Start of Source data
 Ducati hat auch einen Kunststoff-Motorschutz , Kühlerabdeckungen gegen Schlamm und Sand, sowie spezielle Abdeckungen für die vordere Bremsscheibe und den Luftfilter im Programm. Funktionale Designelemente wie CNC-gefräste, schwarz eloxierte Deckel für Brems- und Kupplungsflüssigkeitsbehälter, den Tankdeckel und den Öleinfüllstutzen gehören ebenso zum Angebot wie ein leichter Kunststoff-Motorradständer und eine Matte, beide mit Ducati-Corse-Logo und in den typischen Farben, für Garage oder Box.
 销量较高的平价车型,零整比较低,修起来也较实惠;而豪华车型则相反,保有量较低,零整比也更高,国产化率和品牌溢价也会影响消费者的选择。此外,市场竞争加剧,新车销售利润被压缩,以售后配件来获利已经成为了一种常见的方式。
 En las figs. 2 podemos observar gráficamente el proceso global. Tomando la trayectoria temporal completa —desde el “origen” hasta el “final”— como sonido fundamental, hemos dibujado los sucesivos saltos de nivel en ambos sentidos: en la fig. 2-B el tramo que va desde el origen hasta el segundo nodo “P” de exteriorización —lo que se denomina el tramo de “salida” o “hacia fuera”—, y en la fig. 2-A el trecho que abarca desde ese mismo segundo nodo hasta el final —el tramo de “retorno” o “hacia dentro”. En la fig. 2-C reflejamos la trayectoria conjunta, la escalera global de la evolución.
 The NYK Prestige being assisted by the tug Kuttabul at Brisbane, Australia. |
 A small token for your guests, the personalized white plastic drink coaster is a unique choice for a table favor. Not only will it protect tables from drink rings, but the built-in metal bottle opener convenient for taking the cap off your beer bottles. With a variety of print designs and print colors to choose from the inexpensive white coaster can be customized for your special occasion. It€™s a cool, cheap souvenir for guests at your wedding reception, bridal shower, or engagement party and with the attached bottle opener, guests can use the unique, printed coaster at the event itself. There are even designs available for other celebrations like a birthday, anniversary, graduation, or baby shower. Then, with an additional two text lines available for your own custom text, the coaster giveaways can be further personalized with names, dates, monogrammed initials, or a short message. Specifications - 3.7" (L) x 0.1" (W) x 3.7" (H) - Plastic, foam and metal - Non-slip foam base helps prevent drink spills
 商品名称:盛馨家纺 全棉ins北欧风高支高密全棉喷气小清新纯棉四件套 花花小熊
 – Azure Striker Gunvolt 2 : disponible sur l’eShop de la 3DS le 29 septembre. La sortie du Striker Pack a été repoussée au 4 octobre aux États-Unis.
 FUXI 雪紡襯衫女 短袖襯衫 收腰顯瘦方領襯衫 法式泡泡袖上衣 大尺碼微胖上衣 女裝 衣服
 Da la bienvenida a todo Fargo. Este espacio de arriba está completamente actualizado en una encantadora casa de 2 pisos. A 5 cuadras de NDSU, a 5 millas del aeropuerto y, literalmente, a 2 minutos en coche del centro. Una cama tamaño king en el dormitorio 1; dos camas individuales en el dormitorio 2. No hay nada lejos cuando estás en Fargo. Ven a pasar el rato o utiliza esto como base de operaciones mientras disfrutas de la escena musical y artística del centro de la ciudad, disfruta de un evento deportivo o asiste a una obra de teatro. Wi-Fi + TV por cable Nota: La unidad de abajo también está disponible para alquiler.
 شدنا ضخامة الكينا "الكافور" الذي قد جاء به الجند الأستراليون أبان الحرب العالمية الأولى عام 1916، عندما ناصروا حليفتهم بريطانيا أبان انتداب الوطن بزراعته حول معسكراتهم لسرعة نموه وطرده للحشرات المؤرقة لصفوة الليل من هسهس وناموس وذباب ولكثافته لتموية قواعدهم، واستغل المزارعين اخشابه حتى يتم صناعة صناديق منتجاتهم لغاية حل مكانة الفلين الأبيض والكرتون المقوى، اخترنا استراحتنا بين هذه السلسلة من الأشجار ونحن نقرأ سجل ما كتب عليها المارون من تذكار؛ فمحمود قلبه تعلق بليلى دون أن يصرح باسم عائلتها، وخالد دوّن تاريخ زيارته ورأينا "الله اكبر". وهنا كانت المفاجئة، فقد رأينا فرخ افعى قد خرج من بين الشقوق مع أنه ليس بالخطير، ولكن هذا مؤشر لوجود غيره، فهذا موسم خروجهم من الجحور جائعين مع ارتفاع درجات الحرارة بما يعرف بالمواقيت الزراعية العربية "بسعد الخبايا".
End of Source data
Aim of the exercise: Transcribe, with no changes, the listing above from its first line through the line with "销量较高的平价车型,零整比较", including that line, and stop once it is done.

Expected answer:
 Ducati hat auch einen Kunststoff-Motorschutz , Kühlerabdeckungen gegen Schlamm und Sand, sowie spezielle Abdeckungen für die vordere Bremsscheibe und den Luftfilter im Programm. Funktionale Designelemente wie CNC-gefräste, schwarz eloxierte Deckel für Brems- und Kupplungsflüssigkeitsbehälter, den Tankdeckel und den Öleinfüllstutzen gehören ebenso zum Angebot wie ein leichter Kunststoff-Motorradständer und eine Matte, beide mit Ducati-Corse-Logo und in den typischen Farben, für Garage oder Box.
 销量较高的平价车型,零整比较低,修起来也较实惠;而豪华车型则相反,保有量较低,零整比也更高,国产化率和品牌溢价也会影响消费者的选择。此外,市场竞争加剧,新车销售利润被压缩,以售后配件来获利已经成为了一种常见的方式。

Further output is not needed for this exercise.